Finding the Right NYC Bar

Posted on May 8, 2014

"Anywhere is walking distance, if you've got the time.

- Stephen Wright

A few months ago I was tasked with the following question: do bars located near many other bars do a brisk business because of the foot traffic? or does too much competition cut into a bar's revenue. Along the way I was able to identify the top rated bars for those who like popular watering holes, as well as those highly rated out of the way places - for those of us who like a little quiet with our scotch.

I started with a list of 615 Manhattan bars, and the following information: address, number of online reviews, and the bars' ratings. To determine how many bars are in near proximity to other bars, the distance of every bar to every other bar had to be calculated.
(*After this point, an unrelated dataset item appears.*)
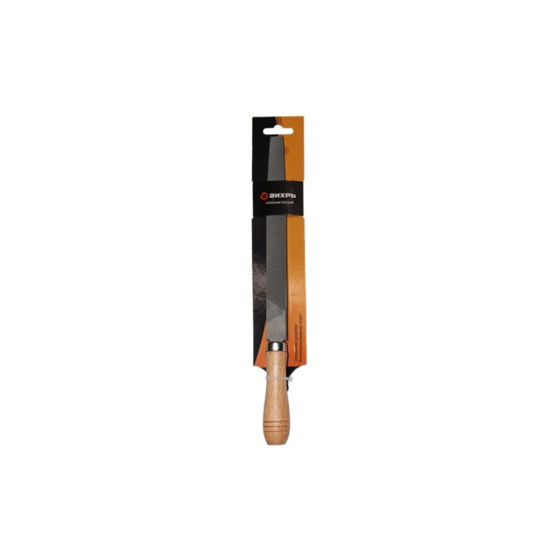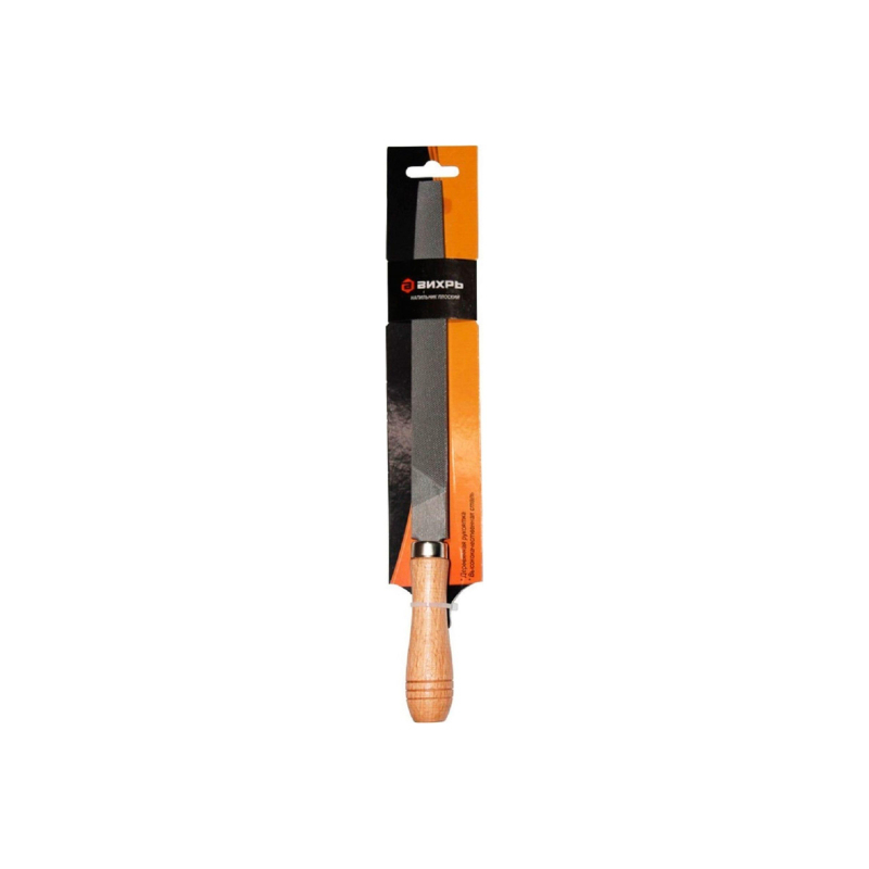 Напильник плоский ВИХРЬ - слесарный инструмент для опиливания различных поверхностей. Прочный и надежный, изготовлен из высококачественной стали. Напильник оснащен эргономичной деревянной рукояткой. Рабочая часть плоской формы в сечении. Длина напильника: 200 мм.

The latitude and longitude was downloaded for every bar's location using ggmap and a simple code:

addresses <- with(bars, paste(street, city, "NY", sep=", "))   #create readable addresses from .csv file
locs <- geocode(addresses)

A double loop was used to create a 615 by 615 matrix of the distance between every bar and every other bar:

traffic <- function(blocks,lat,lon){
distance <- matrix(1,615,615) #initialize the matrix
for (i in 1:length(lat)) {
for (j in 1:length(lat)) {
distance[i,j] <- abs(lat[i]-lat[j]) + abs(lon[i]-lon[j])
} }
distance <- distance*1000 #scale numbers to approximately 1 equal to one block
index.dist = (distance <= blocks) # the number of bars that are within x "blocks" of any single bar
result = rowSums(index.dist)-1 #exclude any bars distance from itself

crowd <-traffic(blocks,lat,lon)

For the sake of analysis, the number of reviews was used as a proxy for the amount of business a bar does. Using this measure it turns out there is no statistically significant relationship between how close a bar is to other bars and how much business it does. Anecdotally, however, at least in this sample, there appears to be a relationship that is characteristically New York.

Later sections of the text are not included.